Children with type 1 diabetes have better glycemic control on a school schedule of three breaks compared to those who have two 45-minute breaks, research suggests.
This retrospective research presented at the Canadian Pediatric Endocrine Group Scientific Meeting was conducted by Manpreet Doulla, MD, a fellow at Alberta Children’s Hospital, Canada and colleagues.
They compared 53 students with type 1 diabetes who had a mean age of 11 and on a school day of three breaks – with 64 children who had two breaks. Their mean age was 10.
The researchers believed beforehand that children on three daily injections and a school day of three breaks would have poorer control than similar children having two breaks.
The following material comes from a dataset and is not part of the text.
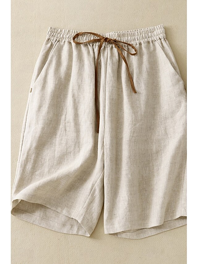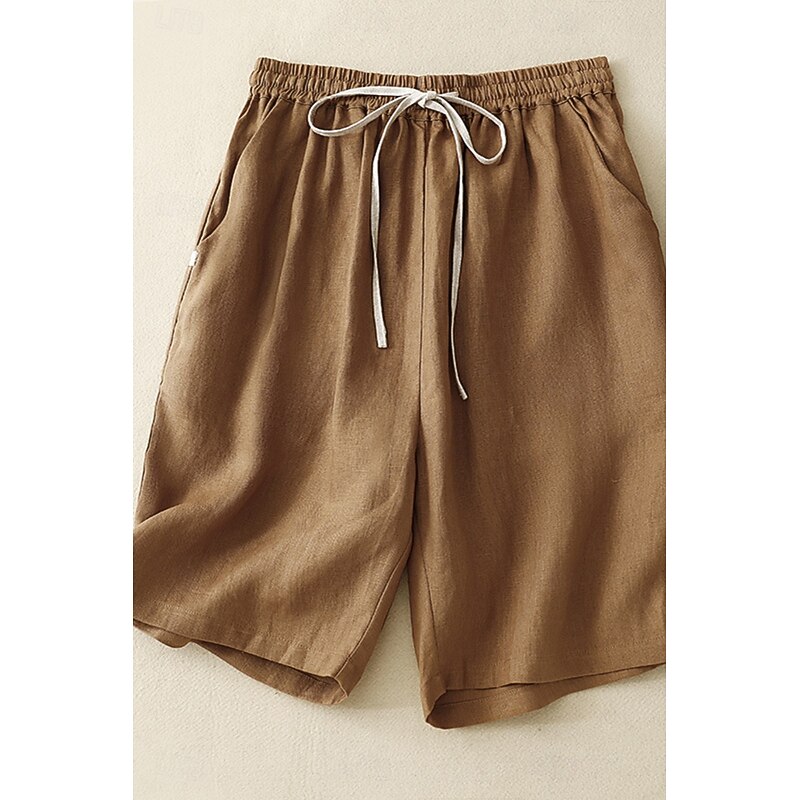 More information about Women's Cotton Linen Shorts Shorts Slacks Streetwear Casual Short Natural Plain Pocket Elastic Drawstring Design Comfy Outdoor Comfortable Street Casual Daily Apricot Black Brown Summer Regular Fit

The group on two breaks displayed a significant HbA1c level increase of 0.6 per cent from their summer HbA1c level compared to three months into the school year. Conversely, only a non-significant rise was found in the other group.
While this study sheds light as to how changing meal schedules can affect metabolic control, there are limitations of the study, as explained by Doulla.

“The findings suggest these children appear to have worsening of their diabetes, but we are not drawing a causal relationship between the balanced school day and glycemic control because of the limitations of the study,” Doulla said.
These limitations include differences between groups attending different schools not being accounted for, but the results should be still be considered by families due to the impact that changing routines had on glycemic control.